Namun ternyata bukan.
Dari kesemua
itu berarti aku belum bisa “ikhlas” dalam menulis. Yang pada akhirnya berujung
buntu dan buntu. Tak lama ini aku membuka blog kawan lama. Ternyata ia suka
juga menulis. Baru satu judul yang aku baca tapi aku sudah bisa menangkap
keikhlasan dalam tiap aksara yang ia goreskan. Ia menulis tentang “kebahagiaan”

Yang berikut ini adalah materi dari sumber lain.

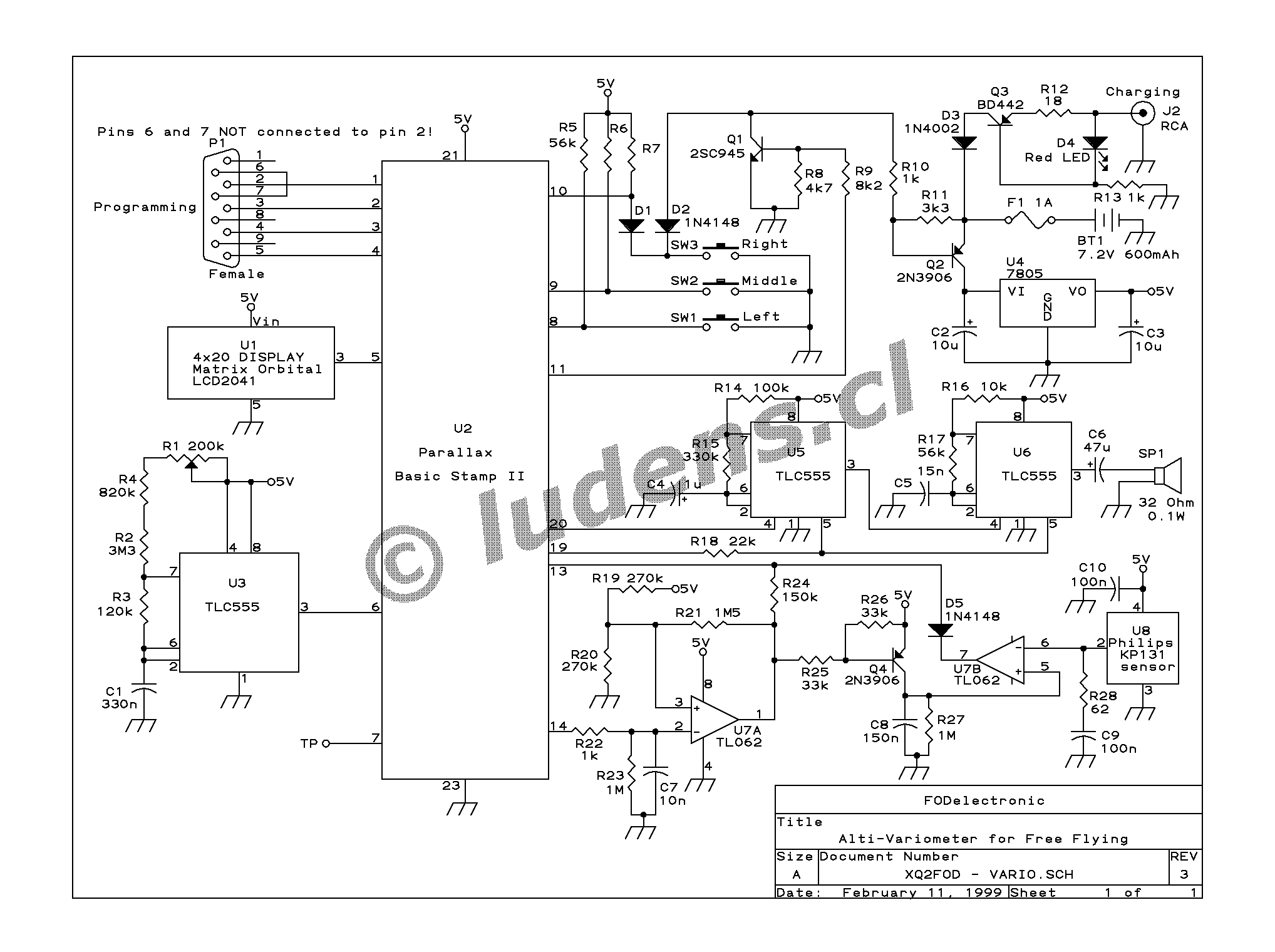 U3 is there for a quite silly reason: The Basic Stamp provides no timing function that could be used while doing other work. But I need timing, both for variometry calculation and for the flight time counter (an unnecessary, but useful function). So I added U3 as a 1-second timer. The entire software is synchronized to this external clock. While a quartz oscillator and divider would have been more precise, a carefully adjusted 555 timer is OK for this application.

cukup sederhana namun bisa menampar keangkuhan diri.
Ya, ternyata
menulis itu harus ikhlas hingga akhirnya bahagia. Bahagia dengan menjadi diri
sendiri, bahagia tanpa pujian, bahagia tanpa embel-embel materi dan bahagia
tanpa syarat apapun. Karena syarat-syarat itulah yang akhirnya menjadi beban
diri sendiri. Tak apalah gaya bahasa yang acak-acakan, kalau perlu aku tidak
akan bergaya. Cukuplah minimal kepuasan diri bisa merangkai kata, lalu tahap
berikutnya menjadikan tiap kata itu bermanfaat dan manfaat itu bisa merubah
dunia.
Mari sisihkan tintamu barang setetes untuk kehidupan
ini.di samping tulisan ini di samping hati ini.